In 2017, FMCA's members passed a historic vote. Previously, the club was open to motorhome owners only. Through the vote, the membership voted to expand the club's membership criteria.

FMCA has approximately 80,000 members from every state of the US as well as Canada, Mexico, Great Britain, and beyond. FMCA also has roughly 1,500 commercial members — dealers, suppliers, manufacturers, campgrounds, service facilities, and other firms servicing the RV owner or the RV industry. Most members are only occasional users, while others live in their RVs full-time.

==Code of Ethics==
Every member of FMCA agrees to follow the Association's Code of Ethics, which requires members to comply with all federal, state, and local laws and regulations governing the ownership and use of RVs. The Code of Ethics also calls for members to be "good neighbors, careful and responsible RV owners and operators, and good citizens of our communities."

==Purpose==
The purpose of FMCA is to organize social activities, exchange RVing information, and supply benefits made possible, in part, by collective purchasing. The group publishes Family RVing, a monthly magazine. It provides news concerning RV technology, the RV industry, and the association. FMCA members can be identified by the FMCA “goose egg," or membership emblem, displayed on their RV.

==Chapters and conventions==
FMCA encourages the development of local, regional and specialty chapters. These chapters — FMCA has approximately 500 of them — organize events of particular interest to their members, including numerous rallies throughout the year. Regional rallies, composed of several chapters from a geographic area, are also held annually. Many FMCA chapters cover specific or general geographic areas. Others are dedicated to an RV brand, a hobby, or a special interest. For instance, special-interest chapters include golf, crafts, amateur radio, single RVers, and handicapped RVers. New chapters are being formed as interests change including Pickleball, off roading, and NASCAR to name a few.

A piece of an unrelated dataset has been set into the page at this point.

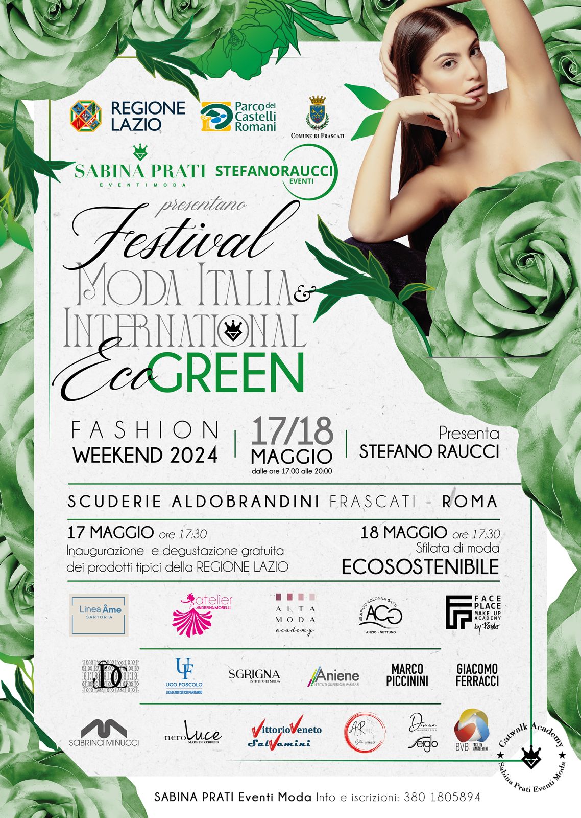 Si svolgerà venerdì 17 e sabato 18 maggio nella splendida location delle Scuderie Aldobrandini a Frascati il Festival della Moda EcoGreen, organizzato da Sabina Prati e Stefano Raucci con il patrocinio e il contributo di Regione Lazio e Parco dei Castelli Romani e il patrocinio del comune di Frascati.

FMCA holds two international RV conventions each year at various locations in the United States, in which manufacturers, dealers, and RV suppliers display their latest products. The events take place over a four-day period and usually attract 3,000 to 5,000 RVs.
Seminars at these conventions cover topics such as living full time in your RV, boondocking and solar power, maintaining your RV, tracing your family roots, and cooking in a small space with a convection-microwave oven.